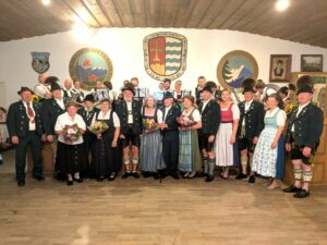 Die drei noch lebenden Initiatoren des Trachtenheims sowie Frieda Würtz wurden im Rahmen der Feierlichkeiten geehrt. Im Bild von links nach rechts: Die stellvertretenden Vorstände Florian Wörndl und Michael Pfaffinger, Frieda Würtz, Andi Bauer mit seiner Frau Marianne, Michael Berneder mit seiner Frau Bärbel, Toni Bauer mit seiner Frau Katharina, Kassier Anton Schuster, Schriftführerin Andrea Scheck, Gauvorstand Thomas Hiendl, stellvertretende Gauvorständin Elisabeth Tengler sowie Vorstand Christoph Kaufmann.
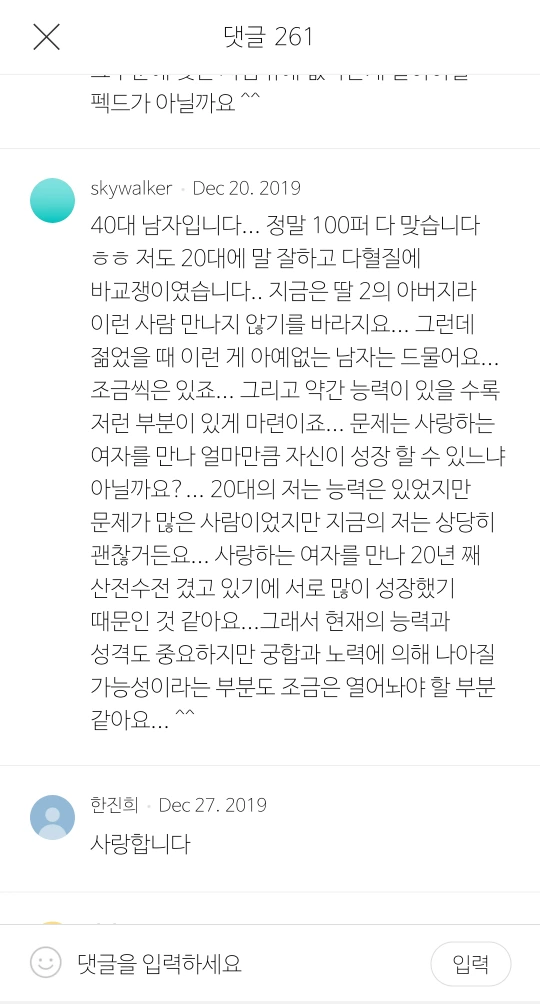 그리고, 끝으로 나의 글에 이런 명언을 써주신 구독자님^^
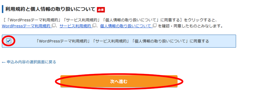 上記を入力して個人情報取り扱いにチェックして「次へ進む」を押します
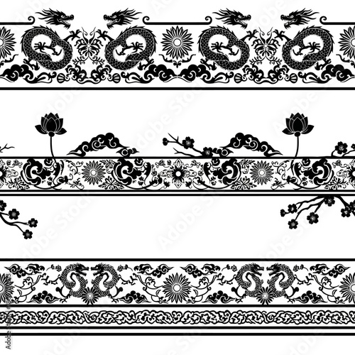 Fototapeta premium Ornate Black and White Floral Borders.
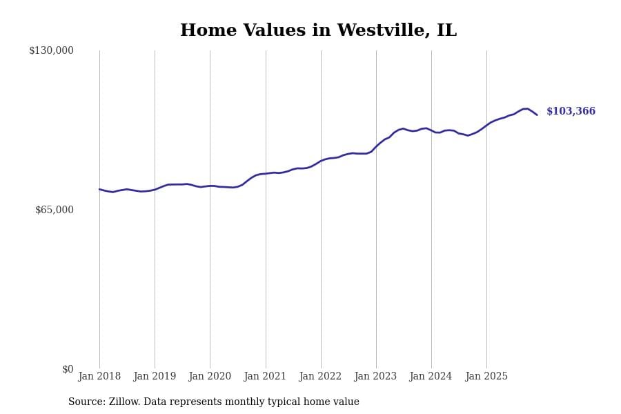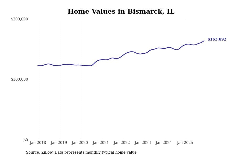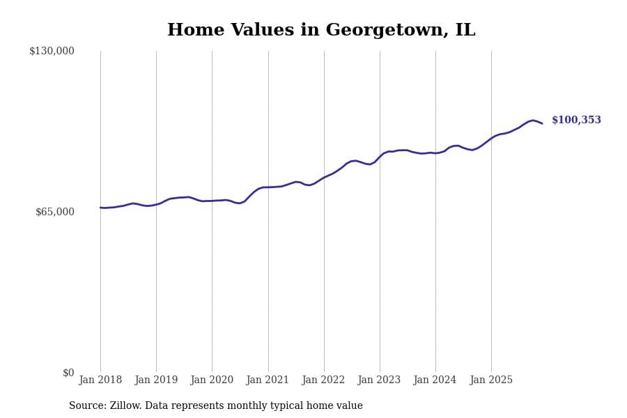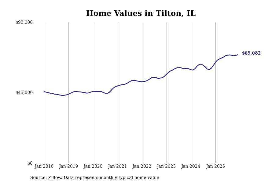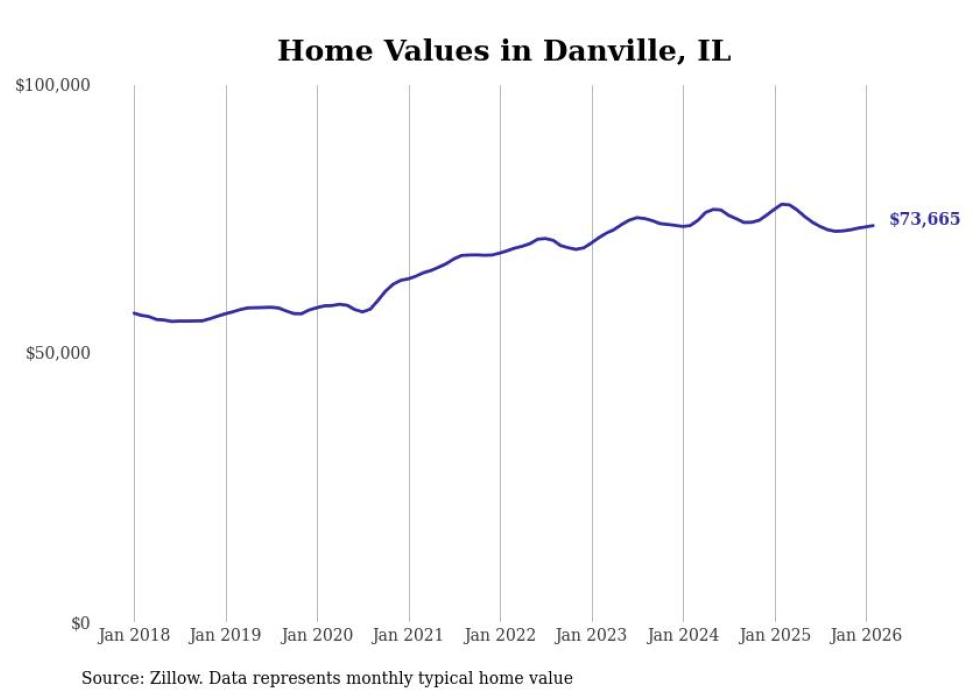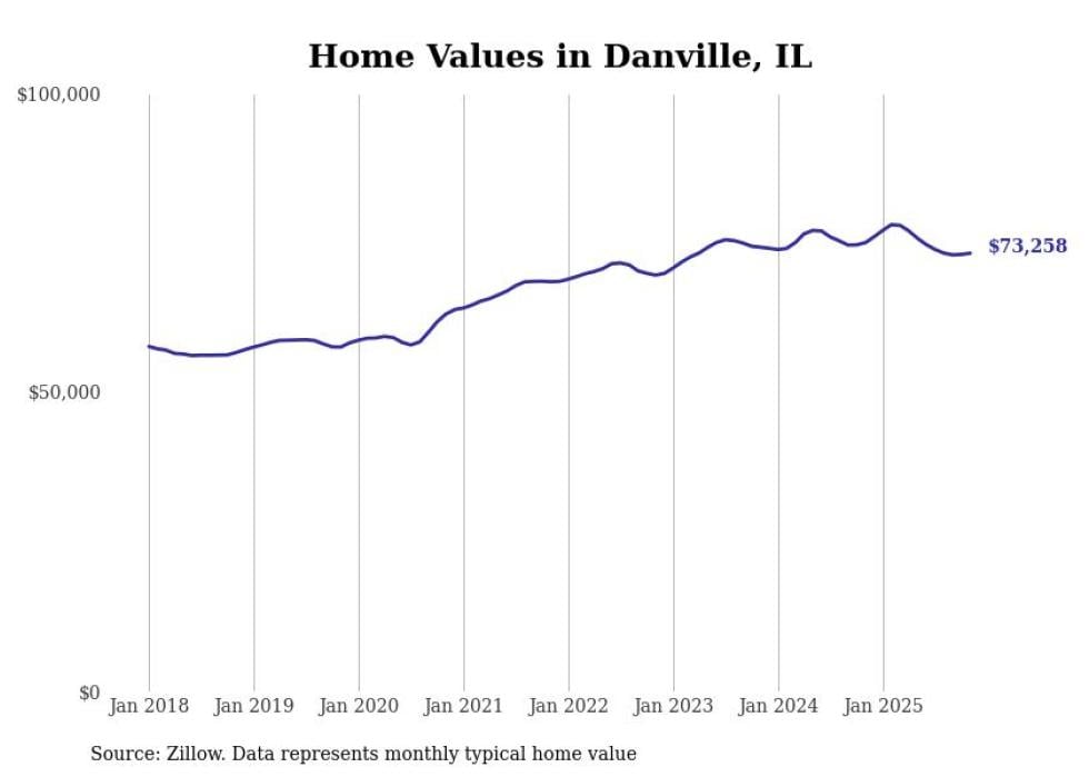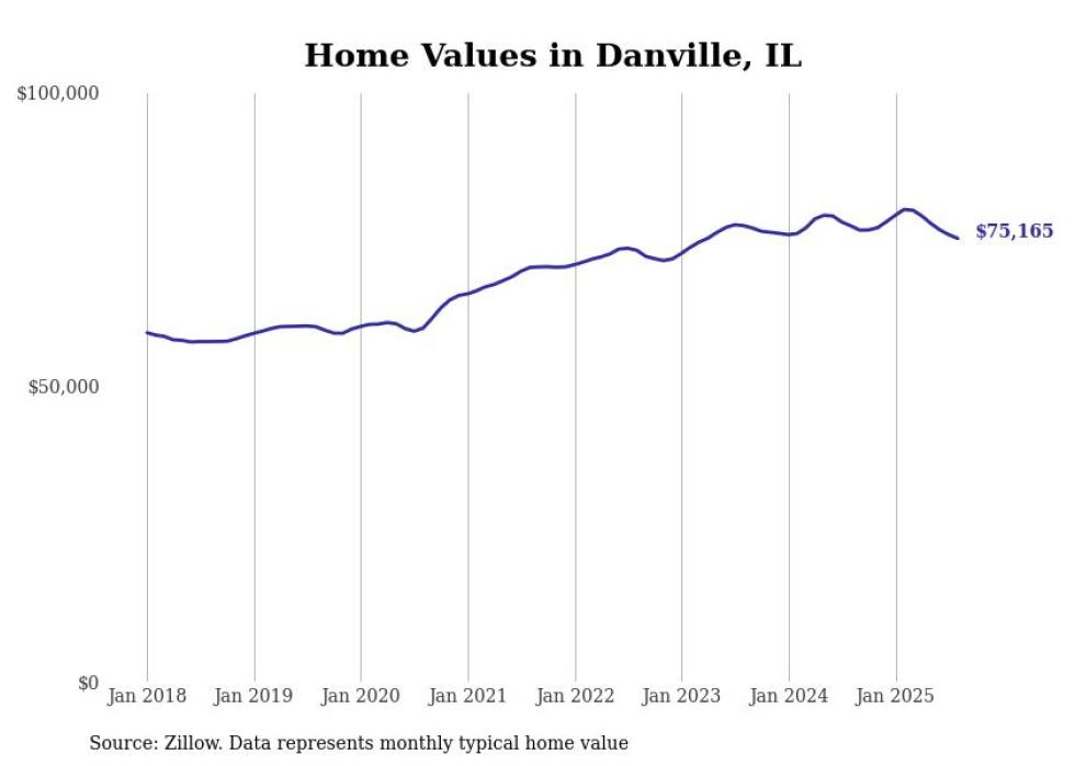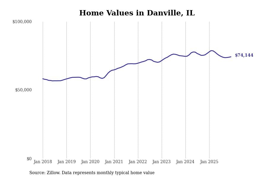 Stacker compiled a list of cities with the most expensive homes in the Danville, IL metro area using data from Zillow. Charts show the monthly typical home value since January 2018.
-=-=-=-=-
Reproduce all the records verbatim, excluding images.

Answer
 Die drei noch lebenden Initiatoren des Trachtenheims sowie Frieda Würtz wurden im Rahmen der Feierlichkeiten geehrt. Im Bild von links nach rechts: Die stellvertretenden Vorstände Florian Wörndl und Michael Pfaffinger, Frieda Würtz, Andi Bauer mit seiner Frau Marianne, Michael Berneder mit seiner Frau Bärbel, Toni Bauer mit seiner Frau Katharina, Kassier Anton Schuster, Schriftführerin Andrea Scheck, Gauvorstand Thomas Hiendl, stellvertretende Gauvorständin Elisabeth Tengler sowie Vorstand Christoph Kaufmann.
 그리고, 끝으로 나의 글에 이런 명언을 써주신 구독자님^^
 上記を入力して個人情報取り扱いにチェックして「次へ進む」を押します
 Fototapeta premium Ornate Black and White Floral Borders.
 Stacker compiled a list of cities with the most expensive homes in the Danville, IL metro area using data from Zillow. Charts show the monthly typical home value since January 2018.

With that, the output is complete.